These are things to think about based on the feedback you've given us so far.
Post WOD Meal: Without getting geeky - you can use the enhanced insulin sensitivity of the 30minutes or so after your training session to down some dense carbs - hence cutting back on the "That is a huge pile of vegetables right there how am I going to eat that" problem and dodge the "OMG I need to lay down" effect you might otherwise experience from going to the Carb Side.

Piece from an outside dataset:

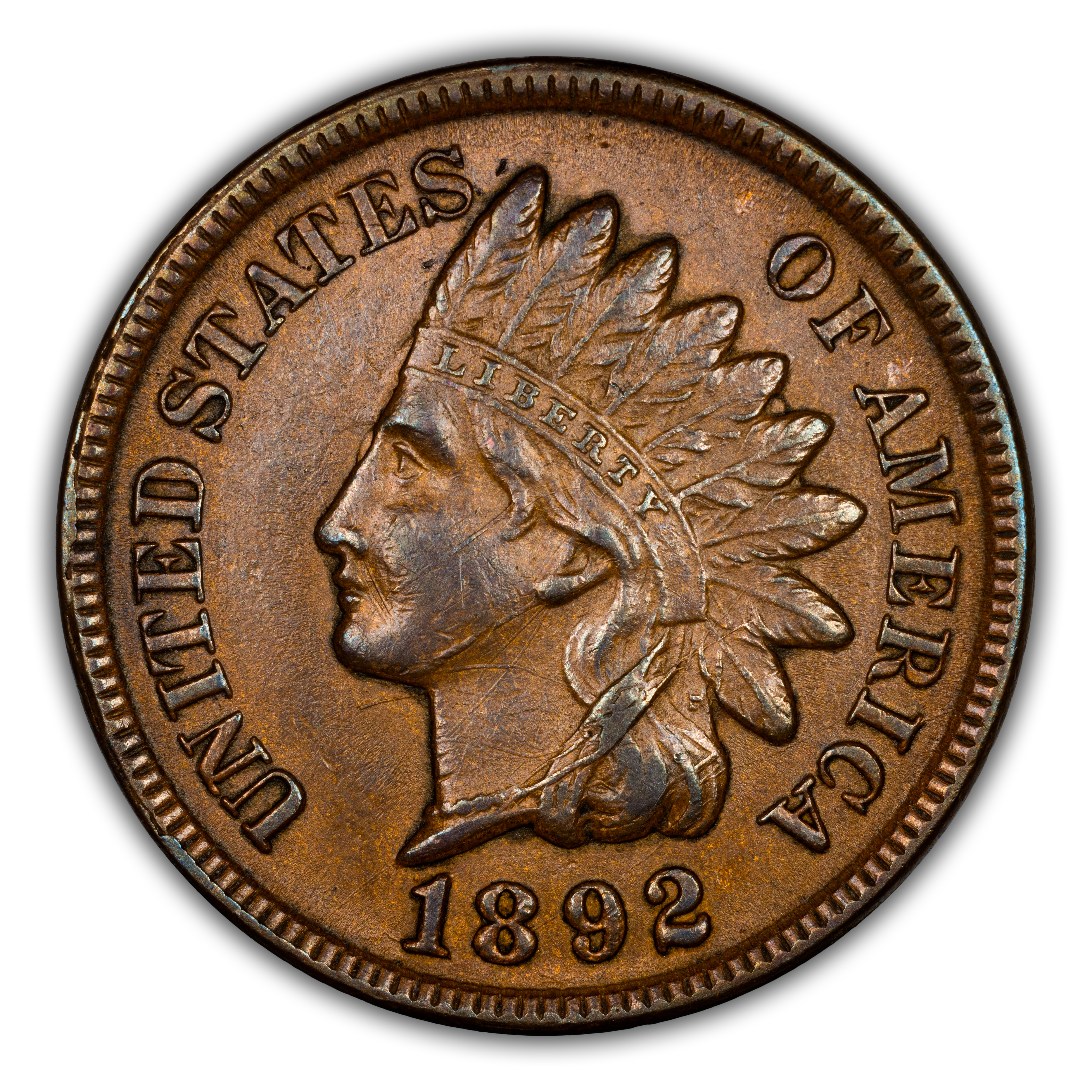 The 1892 Indian Cent is a common issue in the Indian Cent Series. Circulated coins are extremely common and accessible. In order for uncirculated coins to be scarce and valuable, the coins must have partial or complete red coloring. The finest gems can be very rare.

Robb Wolf state in his article, "42 Ways to Skin the Zone" article in the Performance Menu that he breaks down his meals like this:
4P, 8C, 0F (post workout) (could be less carbs depending on intensity of WOD)
4P,2C,?F
4P,2C,?F
4P,2C,?F
Totals: 16P , 14C, ?F
Ok, so he's a 16 blocker on 5x Fat. This means 80 blocks of fat. However, he's low on carb blocks. The rule of thumb is to add 3 fat blocks for each carb block missed. So, he needs 86 blocks of fat to make up for the caloric deficit. Since 86 is not divided by three evenly, the fat blocks per meal wind up being 29F:
4P, 8C, 0F (post workout)
4P,2C,29F
4P,2C,29F
4P,2C,29F
Totals: 16P , 14C, 87F
So - you can see that the Athlete's Zone Robb is employing here ratios are quite different than the 40-30-30 standard. The Athlete's Zone changes the ratios to ~ 25-15-60. Start with 2x Fat and see. Remember if you delete carb blocks that you add three fat blocks for each carb block deleted.
Play with things.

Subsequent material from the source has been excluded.